As far as I know, in TLT we can train the DetectNet neural network. But DetectNet can only predict bboxes on one scale (stride 16). Are there variations of Detectnet, which not only uses stride 16, but also uses stride 8 and stride 32 (all 3 scales at the same time, like in YOLOv3)? Or at least uses 2 scales instead of 3 scales?
Currently, in TLT detectnet_v2 network, it only supports stride 16.

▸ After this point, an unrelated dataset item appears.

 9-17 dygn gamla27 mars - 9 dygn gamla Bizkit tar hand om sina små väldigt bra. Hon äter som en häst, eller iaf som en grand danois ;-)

See DetectNet_v2 — Transfer Learning Toolkit 3.0 documentation
DetectNet_v2 generates 2 tensors, cov and bbox. The image is divided into 16x16 grid cells. The cov tensor (short for “coverage” tensor) defines the number of grid cells that are covered by an object. The bbox tensor defines the normalized image coordinates of the object top left (x1, y1) and bottom right (x2, y2) with respect to the grid cell. For best results, you can assume the coverage area to be an ellipse within the bbox label with the maximum confidence assigned to the cells in the center and reducing coverage outwards. Each class has its own coverage and bbox tensor, thus the shape of the tensors are as follows:
- cov: Batch_size, Num_classes, image_height/16, image_width/16
- bbox: Batch_size, Num_classes * 4, image_height/16, image_width/16 (where 4 is the number of coordinates per cell)

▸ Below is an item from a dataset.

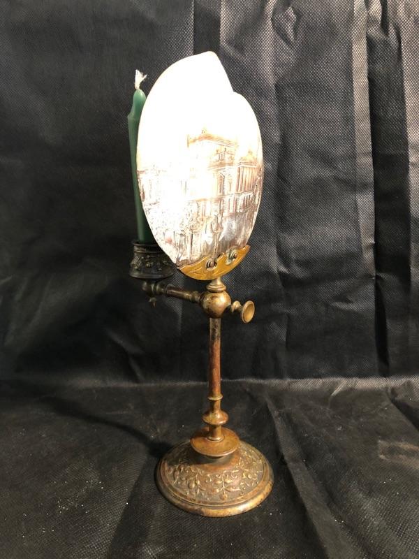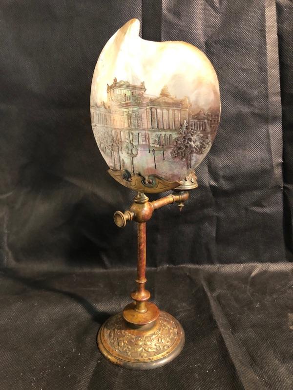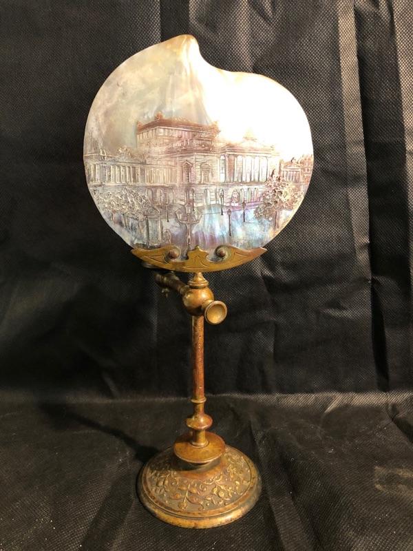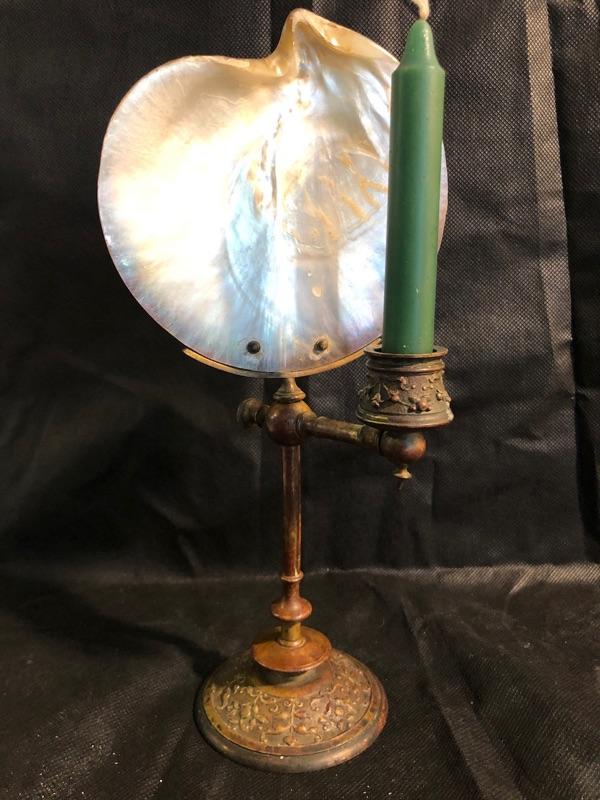 Victorian Carved Abilone shell scene on a decorative brass candlestick

Ok. I will be using Yolov3 / Yolov4 in TLT.
I looked at the “yolo_config” block and I have another question:
Can I change the number of yolo strides (for example, change the standard 3 strides to 2 strides to the detriment of one of the three prediction scales)? What parameter in this configuration block is responsible for such function?
I am afraid you want to change the feature maps quantity, right?
For example, I want to crop a model by removing one of the strides as shown in the picture (the area I want to remove is highlighted as red in the picture). In darknet, I can remove unnecessary layers via a cfg file. Question: “How can I do the same operation in TLT?”
Currently, TLT Yolo_v4 can provide “freeze_blocks” feature only.